Parlementaire Handelingen. - Vergadering van 23 oktober 1997.

Kamer van volksvertegenwoordigers : Parlementaire stukken. - Ontwerp overgezonden door de Senaat, nr. 1260/1. - Amendementen, nr. 1260/2 en 3. - Verslag, nr. 1260/4. - Tekst aangenomen door de commissie, nr. 1260/5. - Tekst aangenomen in plenaire vergadering en overgezonden aan de Senaat, nr. 1260/6.

Beslissingen van de parlementaire overlegcommissie, nr. 1-82/25 (Senaat), nr. 82/25-1995 (B.Z.).

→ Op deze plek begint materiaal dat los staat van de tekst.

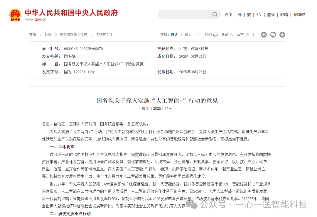 国务院近日印发《关于深入实施“人工智能+”行动的意见》(以下简称《意见》),明确将“人工智能+”全面融入经济社会各领域,其中 “人工智能 + 民生福祉”“人工智能 + 产业发展”等重点行动,为医疗健康领域的智能化升级指明了方向。而医用物流机器人作为医疗供应链的“智能搬运工”,正迎来政策红利驱动下的爆发式发展机遇。

Senaat : Parlementaire stukken. - Ontwerp geamendeerd door de Kamer, nr. 1-502/8. - Verslag, nr. 1-502/9. - Tekst aangenomen door de commissie, nr. 1-502/10. Beslissing om in te stemmen met het door de Kamer geamendeerde ontwerp, nr. 1-502/11.

Parlementaire Handelingen. - Vergadering van 5 maart 1998.